# LaPavoni to L1, is it worth?



## JK009 (Apr 18, 2014)

Hi

i have LaPavoni ( pre-m) at this moment

My saving is ready for a L1

However, I tried to look a good reason but still not quite convinced by upgrading to L1

Simply because:

1/ Having very good results with my Lapavoni. Excelent quality cup of coffee

2/Drink only 1 cappucino cup every morning. ( Sunday 2 cups)

3/ L1 is 10 times more expensive than LaPavoni, however I was still wondering if I could get a 10 times quality in cup compared to LaPavoni ?

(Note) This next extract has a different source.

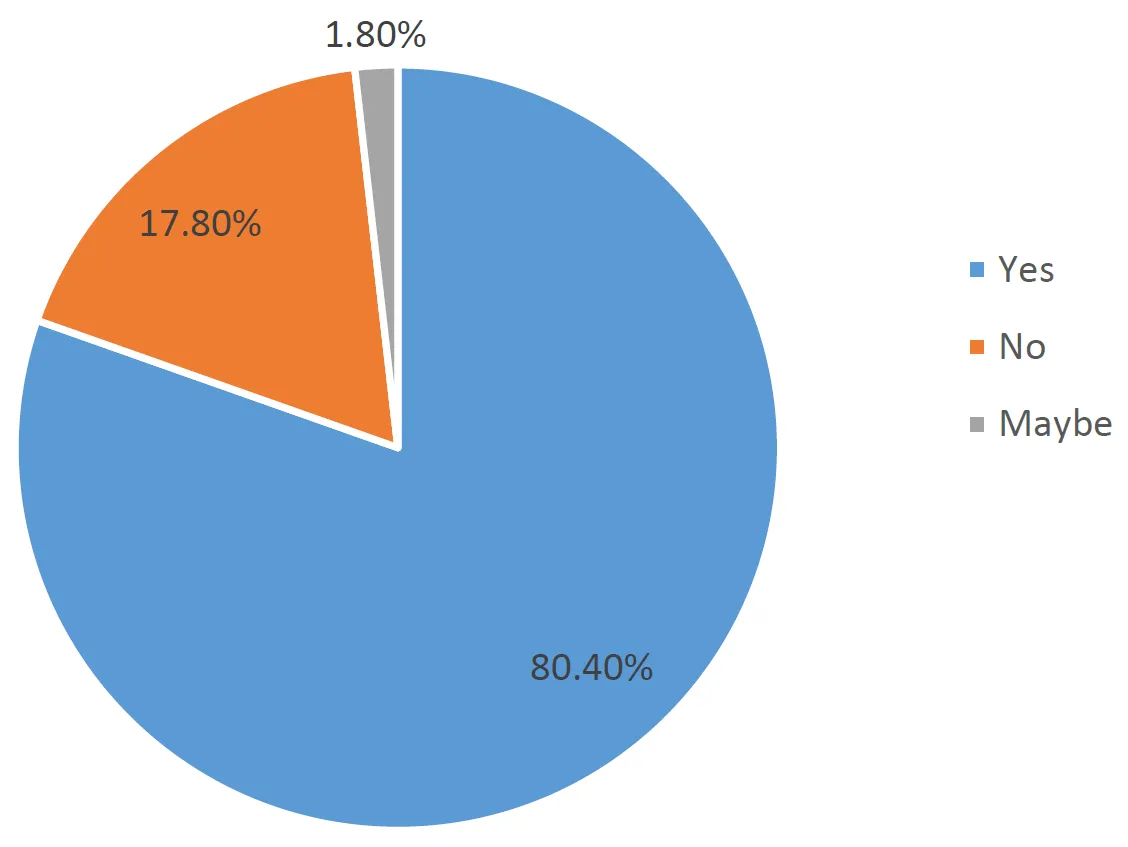 The survey results provided a clear view of participants’ perspectives on the regulation of synthetic biology in Nigeria. A significant majority, 80.4% of respondents, agreed that synthetic biology should be regulated, reflecting a strong consensus on the importance of oversight and control in the field (See ). In contrast, 17.8% expressed uncertainty about the need for regulation, indicating some ambivalence or lack of information regarding regulatory measures. Only 1.8% of participants believed there should be no regulation, suggesting minimal support for an unregulated approach to synthetic biology, as noted by [

for the reasons above, will I accept and be happy with what I have with LaPavoni and forget about the L1

Please advise what you thought

Thanks


----------



## fluffles (Sep 4, 2012)

I doubt you'll get a x10 better cappuccino to be honest. If you start drinking espresso then I would say it's worth it

Having said that, the L1 is a joy to use and just works without any real temperature issues that you get with la pav.


----------



## Dylan (Dec 5, 2011)

You really cant compare the multiplication of cost in a direct relationship to the increase in quality.

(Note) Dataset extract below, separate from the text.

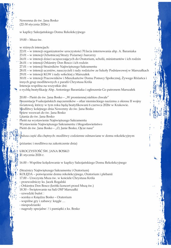 3. Aktualnie przeżywamy 70-tą rocznicę internowania arcybiskupa Antoniego Baraniaka, który wtedy został przewieziony do Marszałek. Wystawa dotycząca arcybiskupa odwiedza kolejne parafie. Była w Parafii Miłosierdzia Bożego w Ostrowie Wielkopolskim, obecnie jest w Parafii Matki Bożej Fatimskiej w Ostrowie Wlkp., w której 8-11 marca 2026 odbywają się rekolekcje wielkopostne.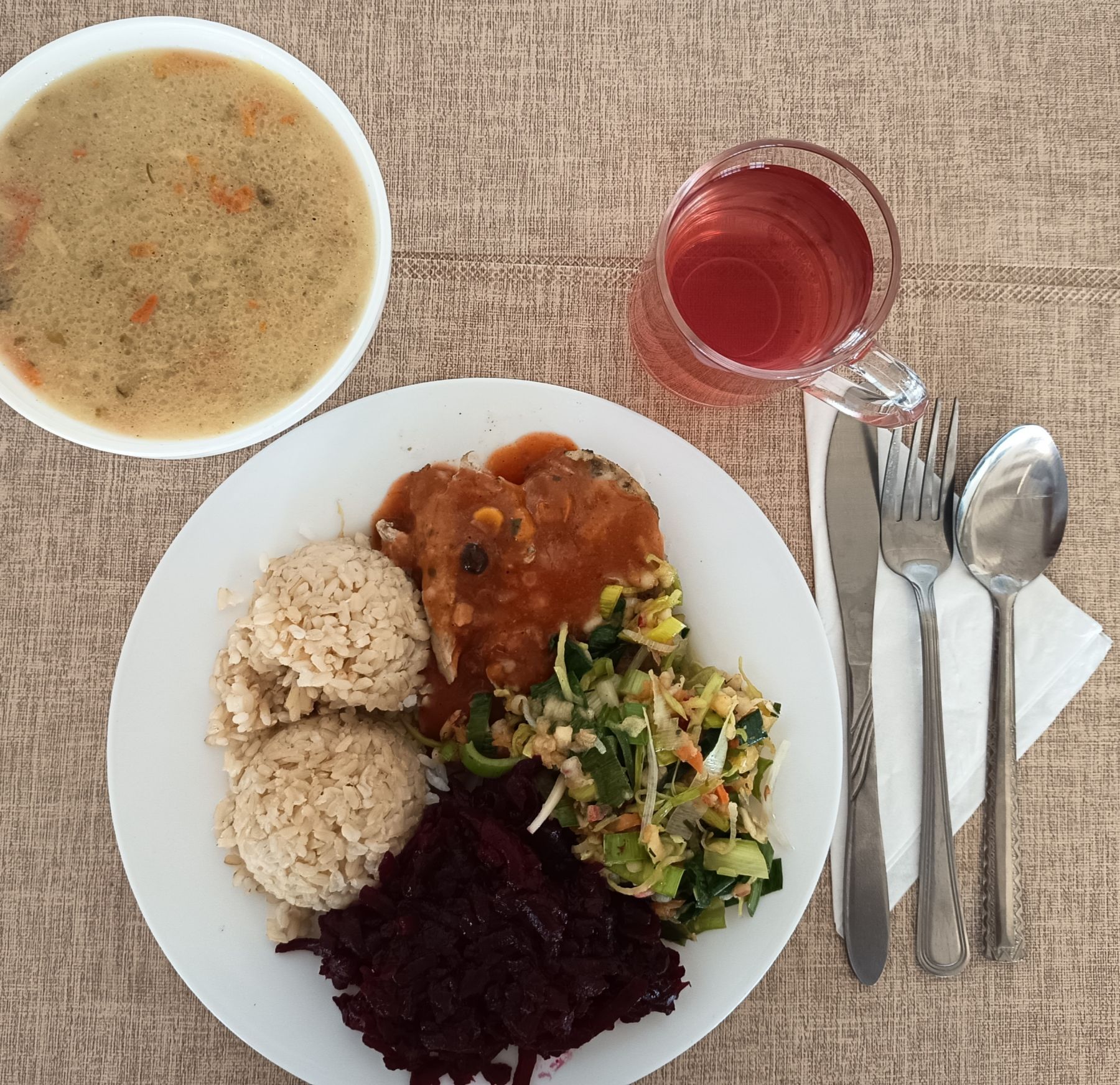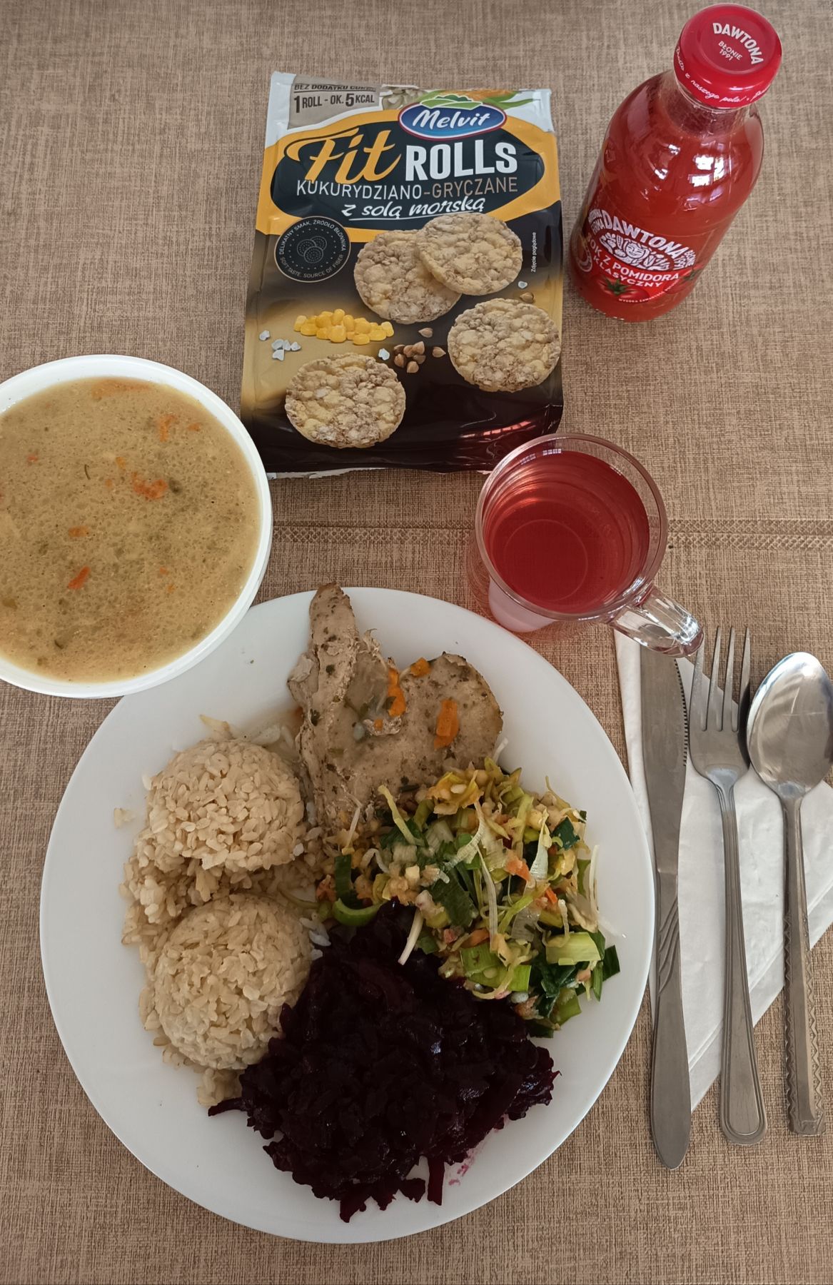 Risotto (ryż brązowy) z mięsem wieprzowym i warzywami 300 g (SEL) Ogórek kiszony z cebulką i olejem 200 g Kompot z aronii i czerwonej porzeczki b/c 250 ml |

The expression 'diminishing returns' is very apt for high end coffee gear.


----------



## fluffles (Sep 4, 2012)

Only real way to know is to try one out. Where are you based?


----------



## DavecUK (Aug 6, 2013)

JK009 said:


> Hi
> 
> i have LaPavoni ( pre-m) at this moment
> 
> ...


From what you posted...no definitely not worth it!


----------



## The Systemic Kid (Nov 23, 2012)

L1 is a brilliant machine capable of producing top notch shots - it is, arguably, very pleasing on the eye too. But you say you are getting good results from the Pavoni and not drinking a lot of espresso. Maybe there's your answer.


----------



## jeebsy (May 5, 2013)

JK009 said:


> 3/ L1 is 10 times more expensive than LaPavoni, however I was still wondering if I could get a 10 times quality in cup compared to LaPavoni ?


It's only about 8.75x better


----------



## h1udd (Sep 1, 2015)

Definately go try one .... I Wanted an L1 until I got a microcasa a leva and a microcimbali ... And discovered I am just not as fond of a spring assisted lever as I am if a full manual ... Sure they are more consistant, but something for me is missing .

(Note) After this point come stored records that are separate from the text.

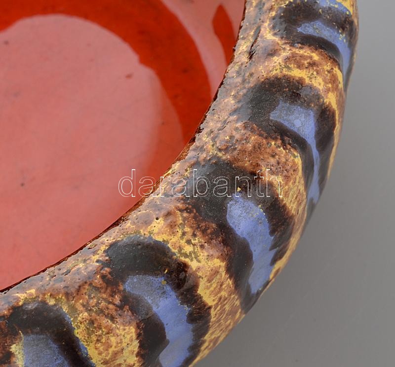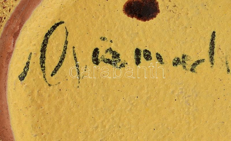 Leírás: Pesthidegkúti tál. Tervező: Csizmadia Margit (1925-1991). Színes mázakkal festett kerámia, hibátlan. Jelzett: Csizmadia Margit d: 26 cm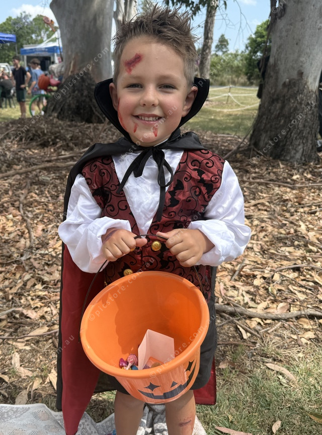Ace Salach, 4, came to the Kooralbyn Halloween scarecrow event dressed to impress. (Larraine Sathicq: )512952_01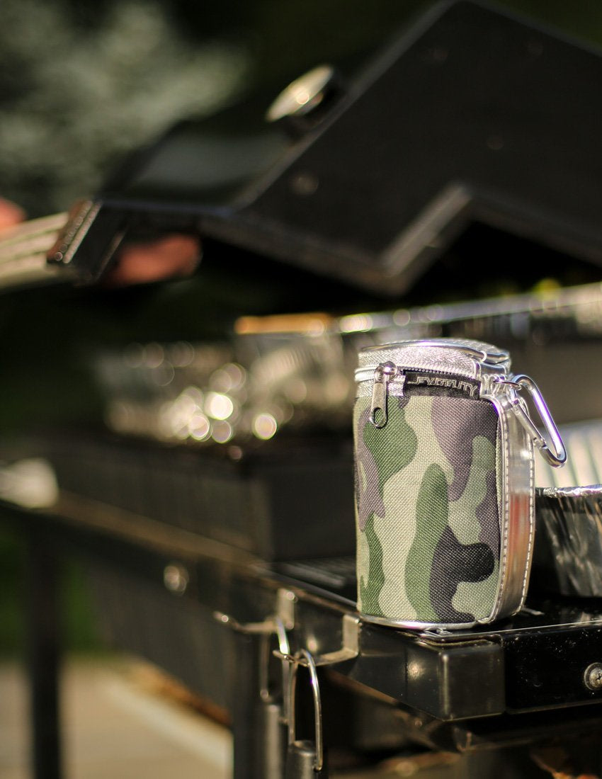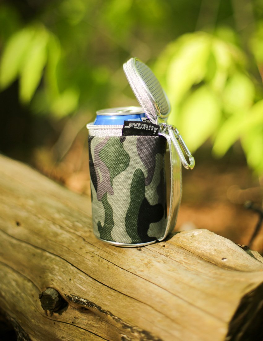 FYDELITY's koolzie fits one can in it's insulated lining and includes a strapped handle for comfort. A zipper seals in your cold one until you're ready, and a carabiner clip is included to latch to another bag of your choosing. The vibrant full-color designs are printed with a 4 color CMYK heat sublimation process so the colors will not fade.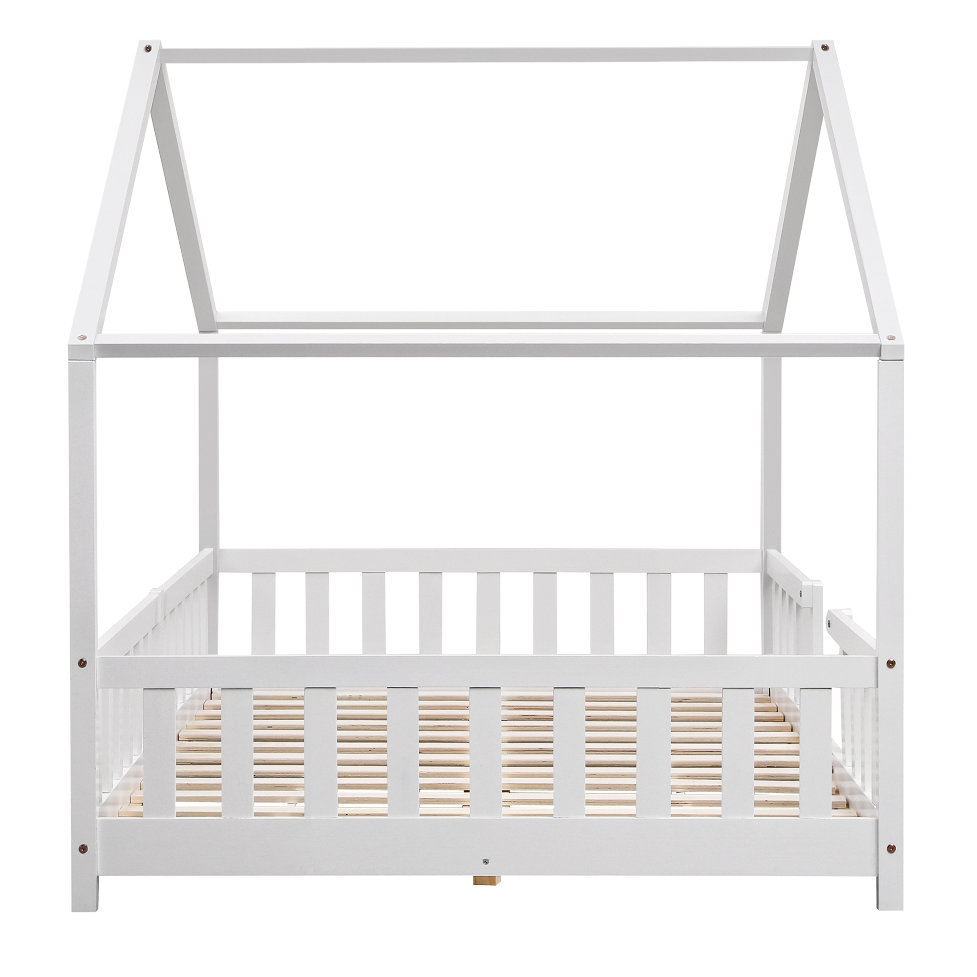 Pat copii design casuta Treviolo 120 x 200 cm lemn alb mat lacuit [en.casa] HausGarden Leisure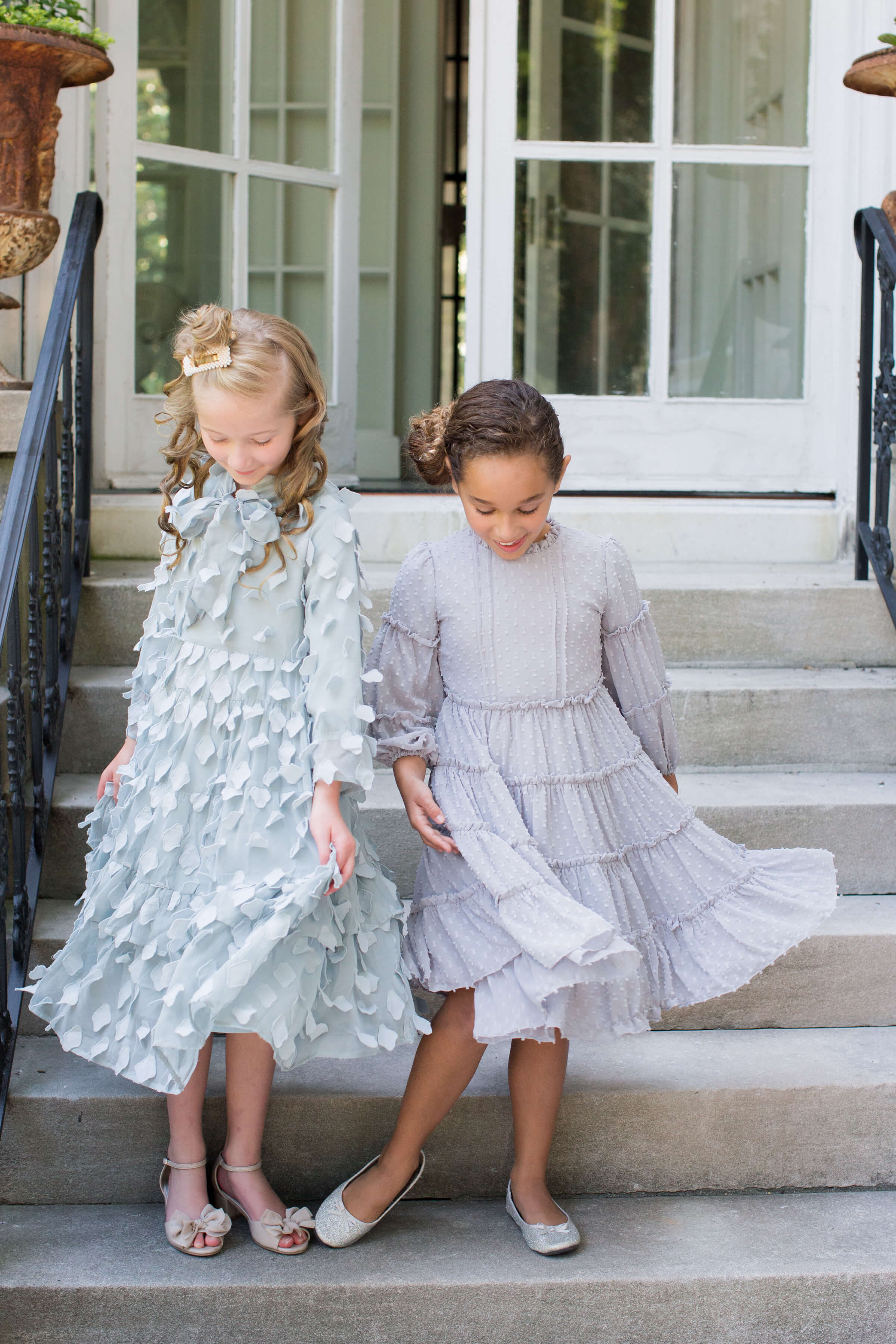 This beautiful modest dress comes in both women's and girls' sizes and was recently given the name "Morning Mist" by one of our social media followers. We thought the name was a lovely suggestion for this feminine, flowy dress with cascading petals and an overall enchanting vibe.

you need to go try one one first before spanking that much money


----------



## Rob1 (Apr 9, 2015)

Don't bother. If you're good with the Pavoni you won't see a massive increase in shot quality, it'll just be more consistent, usable all day, easier etc etc. The main selling point of these 'commercial' machines is the ability to pull shots consistently back to back. If you're capable of pulling shots consistently on the Pavoni and you don't find yourself turning it on three times a day, waiting for it to heat, faffing and pulling a shot then there's not much to be gained from that extra £2k

What size tamper are you using now? Does it leave grains on the walls of the basket?


----------



## coffeechap (Apr 5, 2012)

I live people who have never owned an l1 commenting on the difference in shot quality between it and a la Pavoni. No it's not 10 times better but it is much better than a la Pavoni.


----------



## Rob1 (Apr 9, 2015)

I'm not commenting on the shot quality directly (as I can't) more of in consideration of realistic expectations ('is it going to be 10 times better?') and the price difference. Maybe I would have been better writing "you won't see a massive increase in shot quality that reflects an extra £2k". Of course even that is subjective, the improvement could well be worth 2k to the op even with 1 drink a day.


----------



## JK009 (Apr 18, 2014)

DavecUK said:


> From what you posted...no definitely not worth it!





jeebsy said:


> It's only about 8.75x better





coffeechap said:


> I live people who have never owned an l1 commenting on the difference in shot quality between it and a la Pavoni. No it's not 10 times better but it is much better than a la Pavoni.


Hi

thank you very much for all advice

I work very hard and so rush every morning that I have just enough time to enjoy one cup of coffee

I think when my taste changes from cappuccino to espresso, I will try L1

Thanks again


----------



## Rhys (Dec 21, 2014)

JK009 said:


> Hi
> 
> thank you very much for all advice
> 
> ...


You'd probably have to put one on a timer to come on well before you get up lol. I expect it will take a fair bit longer to warm up than a Pavoni. Pavonis don't take that long to be fair and I wouldn't mind finding out how much better an L1 is just for comparisons sake. Why not try and find someone close buy who has an L1 and see if you can set your la Pavoni up next to it?


----------



## JK009 (Apr 18, 2014)

Rob1 said:


> Don't bother. . . . .
> 
> What size tamper are you using now? Does it leave grains on the walls of the basket?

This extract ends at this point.